**EXERCISE BRIEF:** Copy each line below as written, but skip the pictures.

**DATA SECTION:**
━━━━━━━━━━
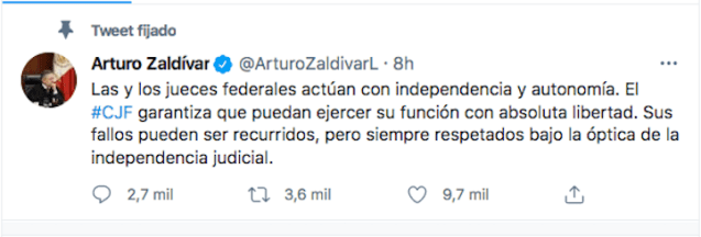 A través de su cuenta de Twitter, señaló: ”las y los jueces federales actúan con independencia y autonomía. El #CJF garantiza que puedan ejercer su función con absoluta libertad. Sus fallos pueden ser recurridos, pero siempre respetados bajo la óptica de la independencia judicial”.
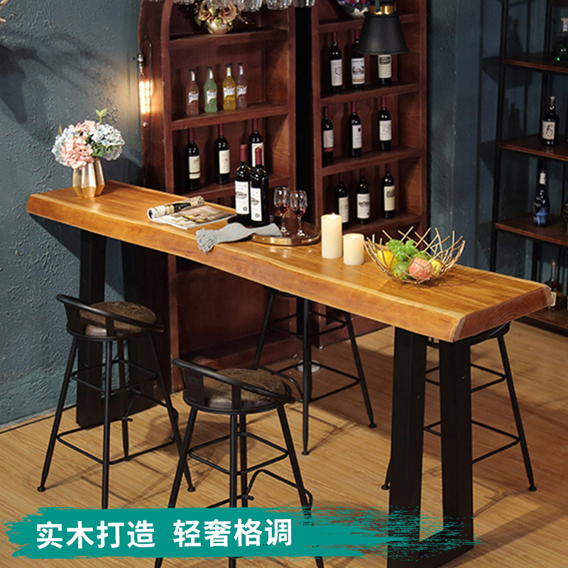 Iron Art Solid Wood Leaning Against Wall Bar Table Home Narrow Table Dining Room Sofa High Foot Table Partition Cabinet Strip Table and chairs Composition
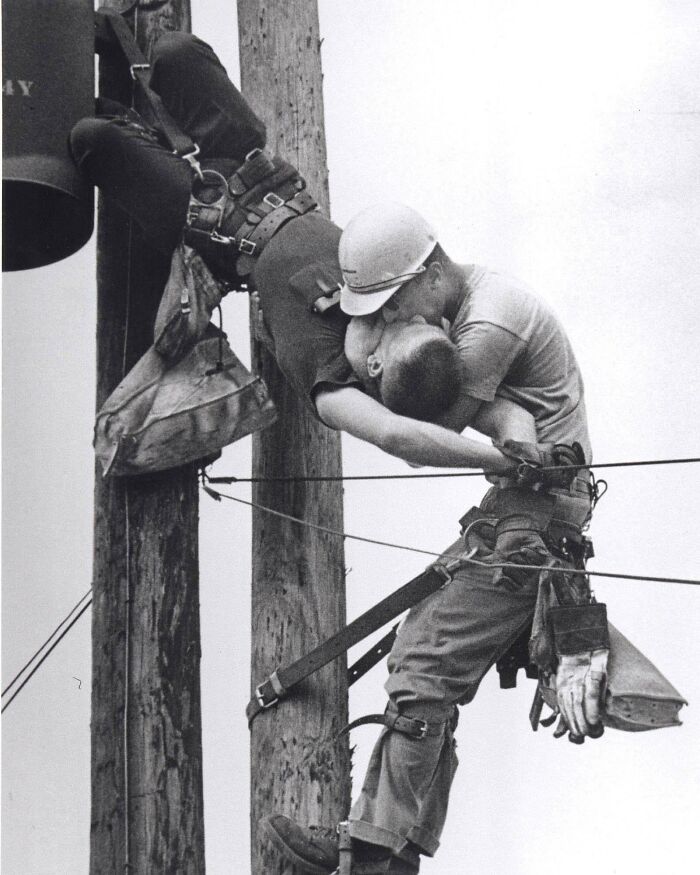 이 사진은 사진작가 로코 모라비토가 4,160볼트의 전기에 감전되여 안전 벨트에 거꾸로 매달려 있는 전기 기사를 구조하는 동안 매우 극적인 배경을 가지고 있었다. 그는 구급차를 불렀고 그 동안 다른 라인맨이 일어나서 입에서 입으로 동료를 성공적으로 구출했고, 모라비토가 그 곳에서 현장장면을 찍기 위해 그곳에 있었다.
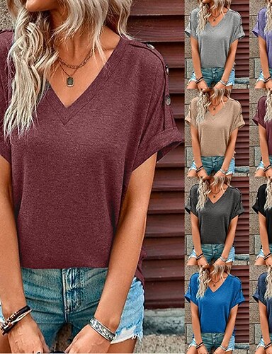 Mujer Camiseta Camiseta superior Botones Plano Moda Elegante Clásico Manga Corta Escote en Pico Tops regulares Diario Noche Fin de semana Azul Piscina Negro Vino Azul Marino Morado Verano Primavera
━━━━━━━━━━
**COMPLETED EXERCISE:**
 A través de su cuenta de Twitter, señaló: ”las y los jueces federales actúan con independencia y autonomía. El #CJF garantiza que puedan ejercer su función con absoluta libertad. Sus fallos pueden ser recurridos, pero siempre respetados bajo la óptica de la independencia judicial”.
 Iron Art Solid Wood Leaning Against Wall Bar Table Home Narrow Table Dining Room Sofa High Foot Table Partition Cabinet Strip Table and chairs Composition
 이 사진은 사진작가 로코 모라비토가 4,160볼트의 전기에 감전되여 안전 벨트에 거꾸로 매달려 있는 전기 기사를 구조하는 동안 매우 극적인 배경을 가지고 있었다. 그는 구급차를 불렀고 그 동안 다른 라인맨이 일어나서 입에서 입으로 동료를 성공적으로 구출했고, 모라비토가 그 곳에서 현장장면을 찍기 위해 그곳에 있었다.
 Mujer Camiseta Camiseta superior Botones Plano Moda Elegante Clásico Manga Corta Escote en Pico Tops regulares Diario Noche Fin de semana Azul Piscina Negro Vino Azul Marino Morado Verano Primavera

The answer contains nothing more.